#### DATA SHOWN ####
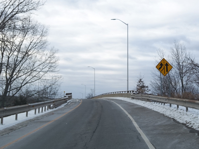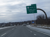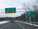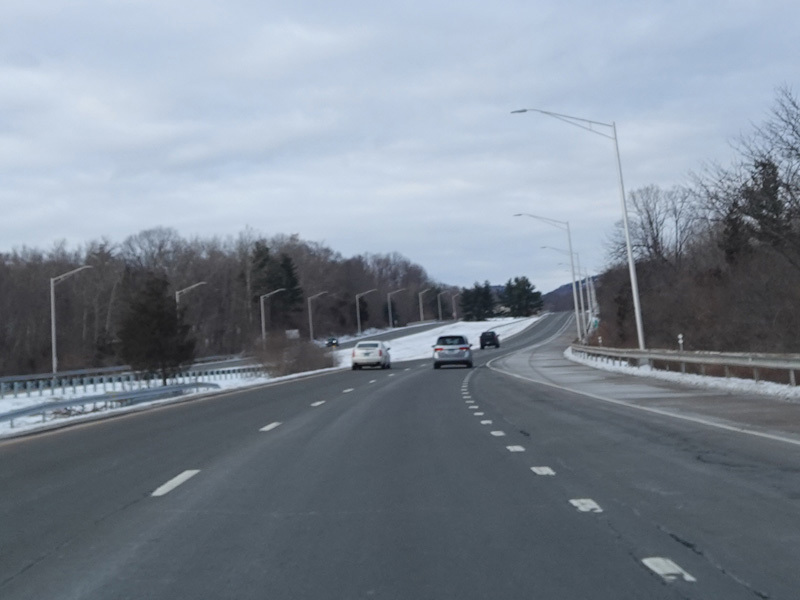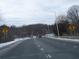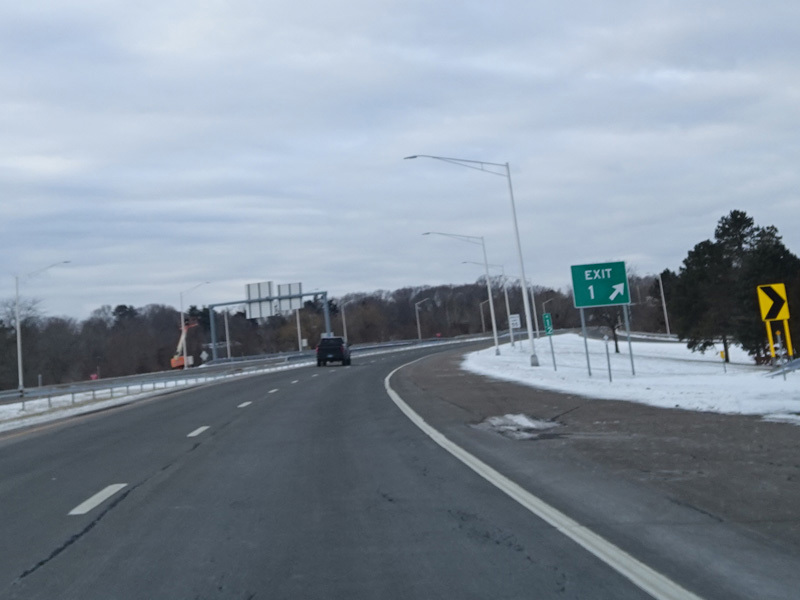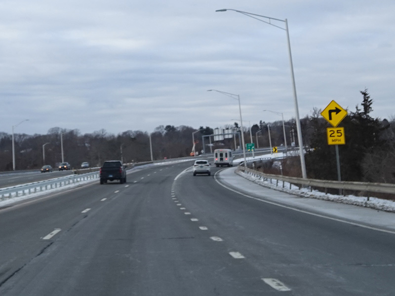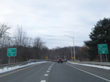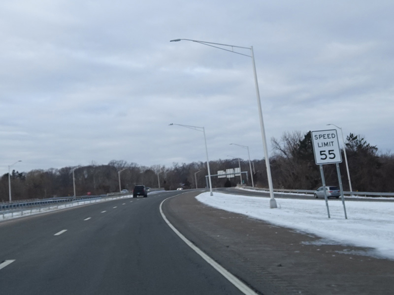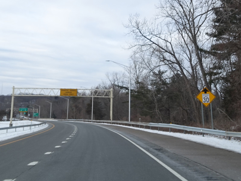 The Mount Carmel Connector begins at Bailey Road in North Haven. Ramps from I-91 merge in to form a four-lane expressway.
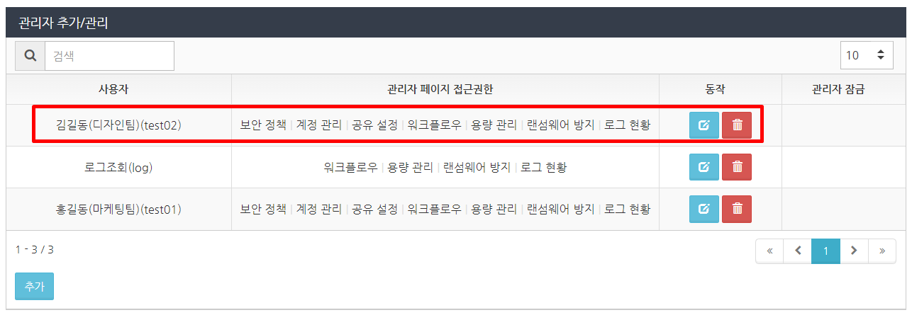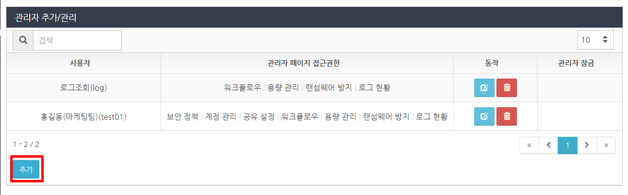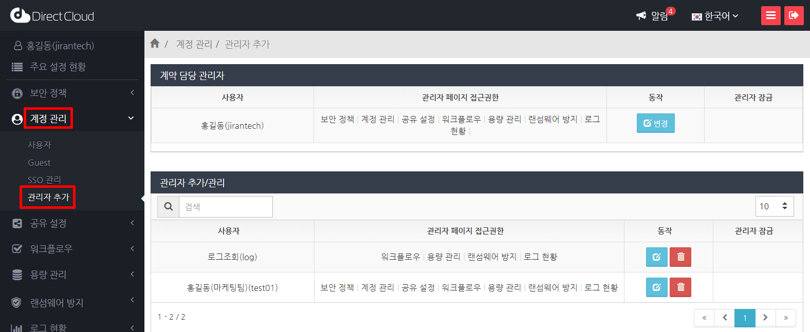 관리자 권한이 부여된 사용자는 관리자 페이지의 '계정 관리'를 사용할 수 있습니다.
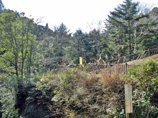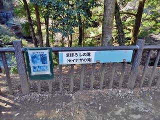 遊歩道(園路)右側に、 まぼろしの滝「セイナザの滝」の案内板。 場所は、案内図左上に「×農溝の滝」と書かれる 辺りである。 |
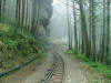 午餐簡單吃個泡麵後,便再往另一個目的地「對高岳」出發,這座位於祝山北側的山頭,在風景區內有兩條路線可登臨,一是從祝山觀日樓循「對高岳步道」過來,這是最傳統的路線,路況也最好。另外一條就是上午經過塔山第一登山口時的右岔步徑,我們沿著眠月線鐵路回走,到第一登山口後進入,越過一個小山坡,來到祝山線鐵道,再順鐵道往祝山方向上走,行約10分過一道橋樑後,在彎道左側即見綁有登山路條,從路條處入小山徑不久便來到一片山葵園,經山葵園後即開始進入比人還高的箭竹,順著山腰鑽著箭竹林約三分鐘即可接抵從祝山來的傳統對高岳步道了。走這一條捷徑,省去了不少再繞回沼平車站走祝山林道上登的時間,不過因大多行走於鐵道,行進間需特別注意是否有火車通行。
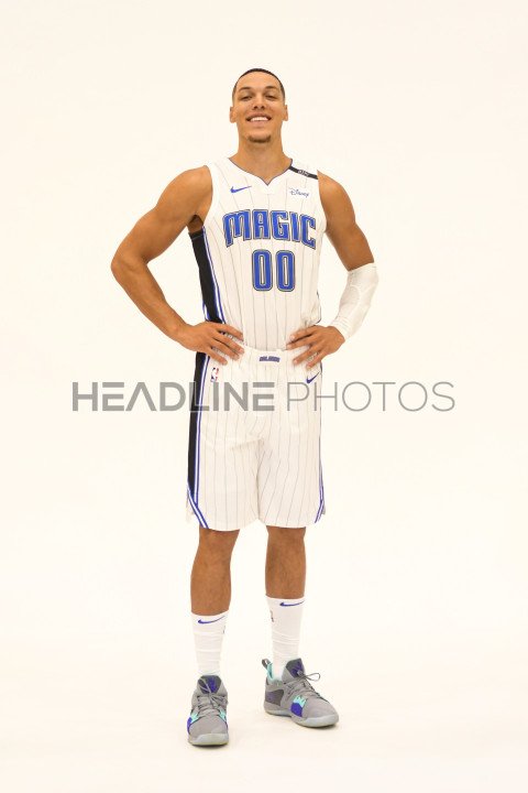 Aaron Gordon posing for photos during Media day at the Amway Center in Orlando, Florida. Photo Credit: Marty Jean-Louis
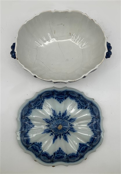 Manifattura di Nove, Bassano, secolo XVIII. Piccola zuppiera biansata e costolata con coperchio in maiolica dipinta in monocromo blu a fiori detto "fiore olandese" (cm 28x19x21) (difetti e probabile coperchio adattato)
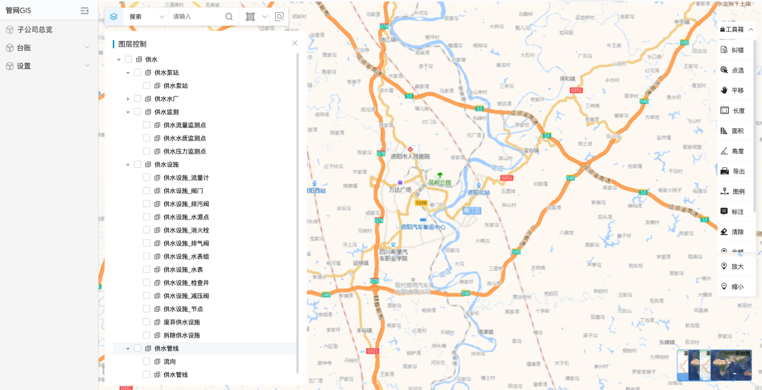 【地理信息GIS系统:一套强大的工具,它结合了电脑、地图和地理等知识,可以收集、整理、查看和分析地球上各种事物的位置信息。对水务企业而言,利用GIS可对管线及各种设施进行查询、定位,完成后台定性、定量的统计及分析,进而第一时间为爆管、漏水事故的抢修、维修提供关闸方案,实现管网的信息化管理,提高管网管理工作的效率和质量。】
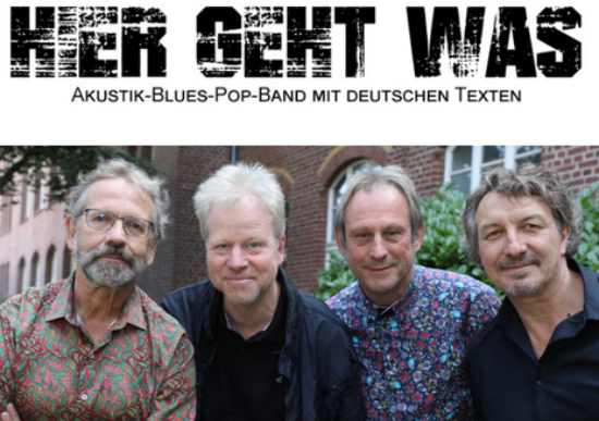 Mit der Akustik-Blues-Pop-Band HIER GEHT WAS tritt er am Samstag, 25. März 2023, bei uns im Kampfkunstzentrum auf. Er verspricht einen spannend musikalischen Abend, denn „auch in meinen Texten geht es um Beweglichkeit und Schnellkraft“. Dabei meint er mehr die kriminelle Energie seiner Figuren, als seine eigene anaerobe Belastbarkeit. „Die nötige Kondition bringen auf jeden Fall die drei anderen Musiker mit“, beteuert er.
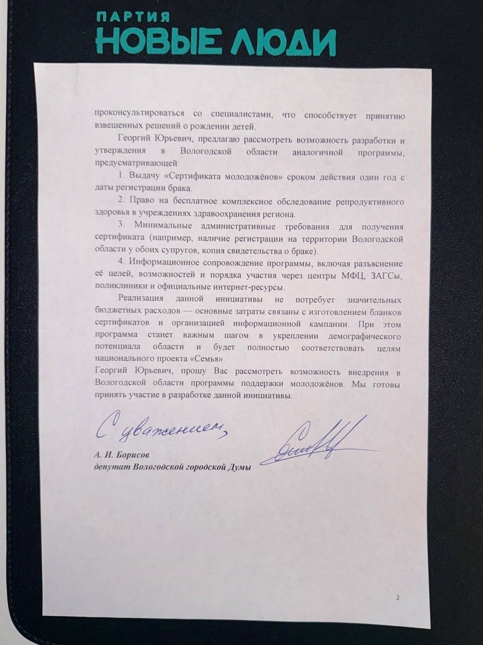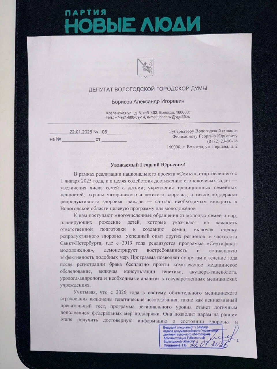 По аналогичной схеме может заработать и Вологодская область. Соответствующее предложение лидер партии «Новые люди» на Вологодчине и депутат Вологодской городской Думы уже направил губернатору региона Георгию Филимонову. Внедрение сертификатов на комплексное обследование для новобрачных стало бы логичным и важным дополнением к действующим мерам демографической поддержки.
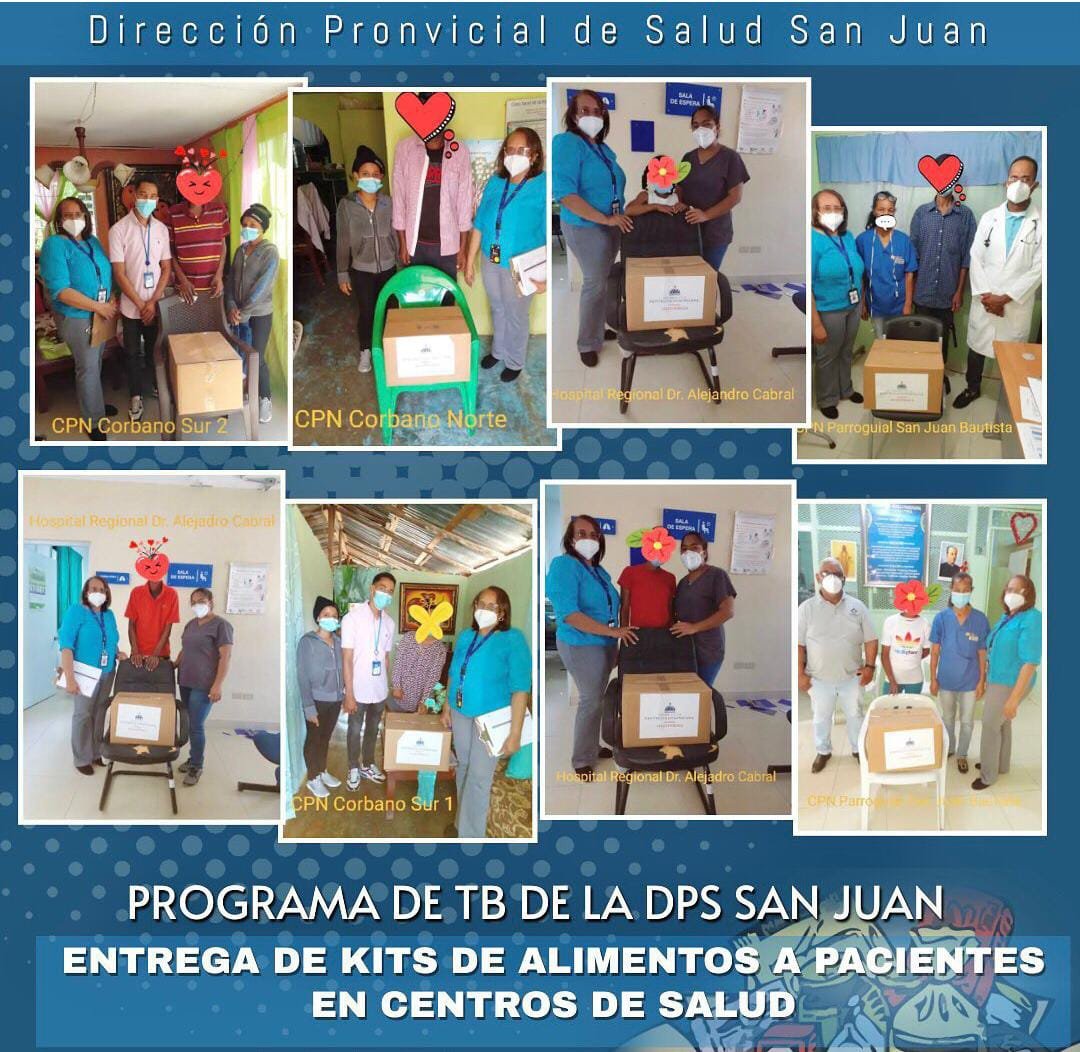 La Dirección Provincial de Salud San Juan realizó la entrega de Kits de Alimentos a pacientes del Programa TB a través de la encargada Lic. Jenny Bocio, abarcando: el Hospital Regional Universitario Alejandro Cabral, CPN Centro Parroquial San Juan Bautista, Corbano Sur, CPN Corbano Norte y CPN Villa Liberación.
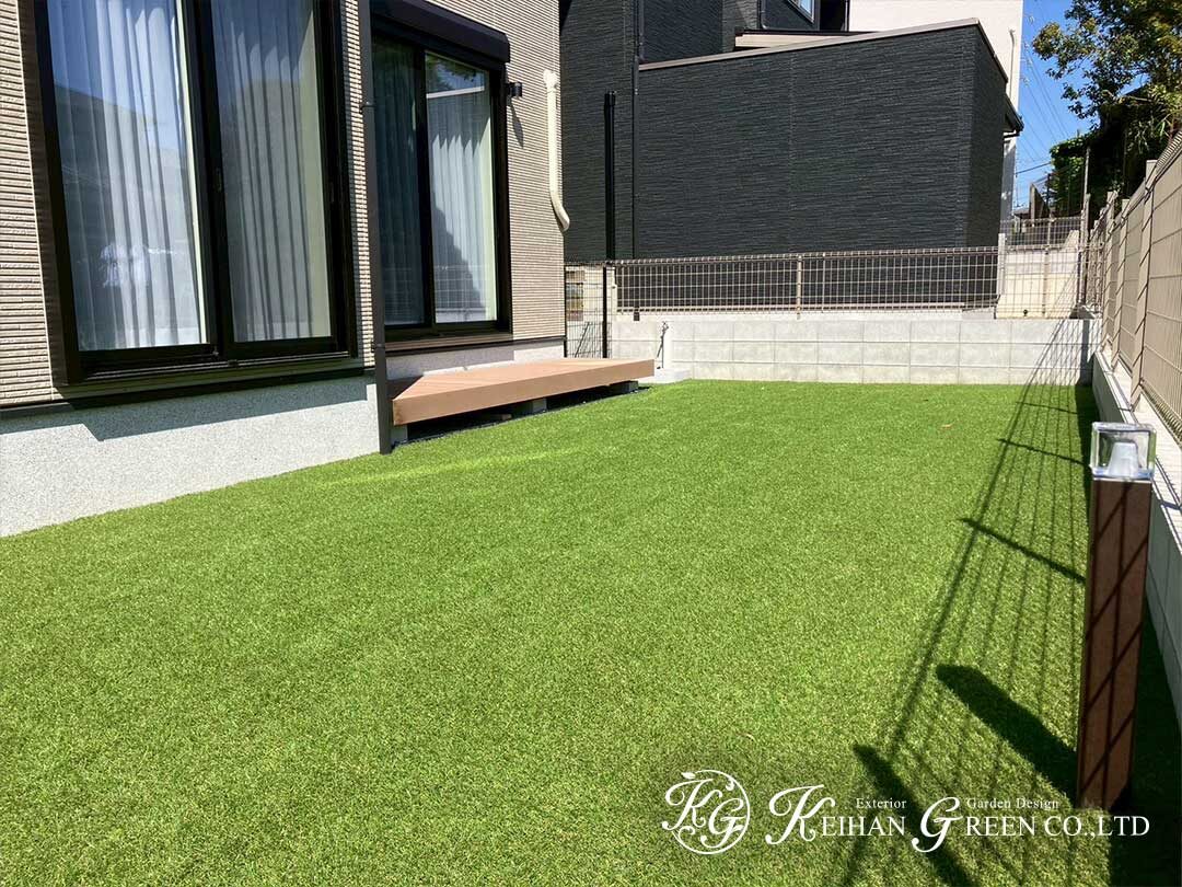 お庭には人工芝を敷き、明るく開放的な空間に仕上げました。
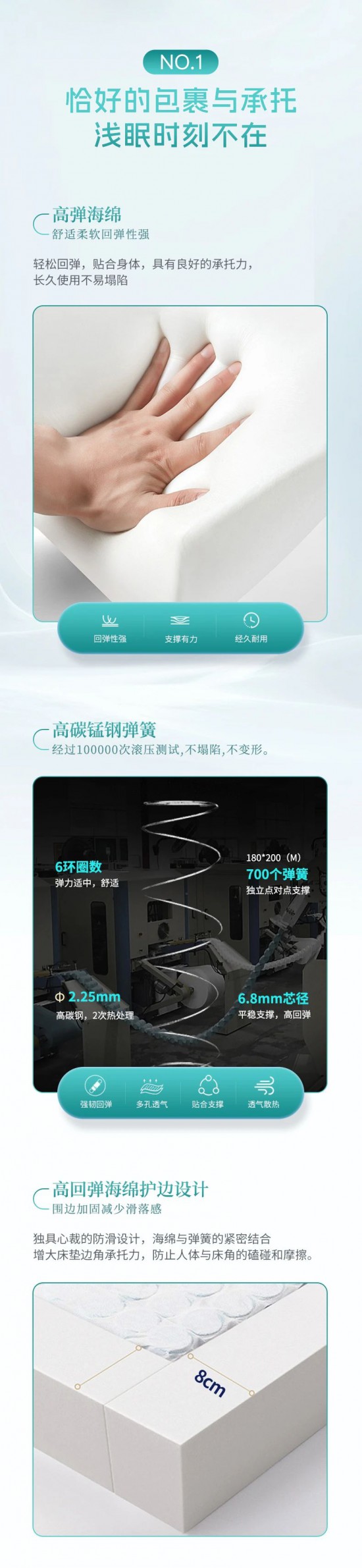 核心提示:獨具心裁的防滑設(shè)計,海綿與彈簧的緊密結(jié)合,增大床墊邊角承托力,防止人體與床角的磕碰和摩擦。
####
> _ACTIVITY_
Retype each line above exactly and leave out any picture.

> _SOLUTION TO THIS EXERCISE_
 The Mount Carmel Connector begins at Bailey Road in North Haven. Ramps from I-91 merge in to form a four-lane expressway.
 관리자 권한이 부여된 사용자는 관리자 페이지의 '계정 관리'를 사용할 수 있습니다.
 遊歩道(園路)右側に、 まぼろしの滝「セイナザの滝」の案内板。 場所は、案内図左上に「×農溝の滝」と書かれる 辺りである。 |
 午餐簡單吃個泡麵後,便再往另一個目的地「對高岳」出發,這座位於祝山北側的山頭,在風景區內有兩條路線可登臨,一是從祝山觀日樓循「對高岳步道」過來,這是最傳統的路線,路況也最好。另外一條就是上午經過塔山第一登山口時的右岔步徑,我們沿著眠月線鐵路回走,到第一登山口後進入,越過一個小山坡,來到祝山線鐵道,再順鐵道往祝山方向上走,行約10分過一道橋樑後,在彎道左側即見綁有登山路條,從路條處入小山徑不久便來到一片山葵園,經山葵園後即開始進入比人還高的箭竹,順著山腰鑽著箭竹林約三分鐘即可接抵從祝山來的傳統對高岳步道了。走這一條捷徑,省去了不少再繞回沼平車站走祝山林道上登的時間,不過因大多行走於鐵道,行進間需特別注意是否有火車通行。
 Aaron Gordon posing for photos during Media day at the Amway Center in Orlando, Florida. Photo Credit: Marty Jean-Louis
 Manifattura di Nove, Bassano, secolo XVIII. Piccola zuppiera biansata e costolata con coperchio in maiolica dipinta in monocromo blu a fiori detto "fiore olandese" (cm 28x19x21) (difetti e probabile coperchio adattato)
 【地理信息GIS系统:一套强大的工具,它结合了电脑、地图和地理等知识,可以收集、整理、查看和分析地球上各种事物的位置信息。对水务企业而言,利用GIS可对管线及各种设施进行查询、定位,完成后台定性、定量的统计及分析,进而第一时间为爆管、漏水事故的抢修、维修提供关闸方案,实现管网的信息化管理,提高管网管理工作的效率和质量。】
 Mit der Akustik-Blues-Pop-Band HIER GEHT WAS tritt er am Samstag, 25. März 2023, bei uns im Kampfkunstzentrum auf. Er verspricht einen spannend musikalischen Abend, denn „auch in meinen Texten geht es um Beweglichkeit und Schnellkraft“. Dabei meint er mehr die kriminelle Energie seiner Figuren, als seine eigene anaerobe Belastbarkeit. „Die nötige Kondition bringen auf jeden Fall die drei anderen Musiker mit“, beteuert er.
 По аналогичной схеме может заработать и Вологодская область. Соответствующее предложение лидер партии «Новые люди» на Вологодчине и депутат Вологодской городской Думы уже направил губернатору региона Георгию Филимонову. Внедрение сертификатов на комплексное обследование для новобрачных стало бы логичным и важным дополнением к действующим мерам демографической поддержки.
 La Dirección Provincial de Salud San Juan realizó la entrega de Kits de Alimentos a pacientes del Programa TB a través de la encargada Lic. Jenny Bocio, abarcando: el Hospital Regional Universitario Alejandro Cabral, CPN Centro Parroquial San Juan Bautista, Corbano Sur, CPN Corbano Norte y CPN Villa Liberación.
 お庭には人工芝を敷き、明るく開放的な空間に仕上げました。
 核心提示:獨具心裁的防滑設(shè)計,海綿與彈簧的緊密結(jié)合,增大床墊邊角承托力,防止人體與床角的磕碰和摩擦。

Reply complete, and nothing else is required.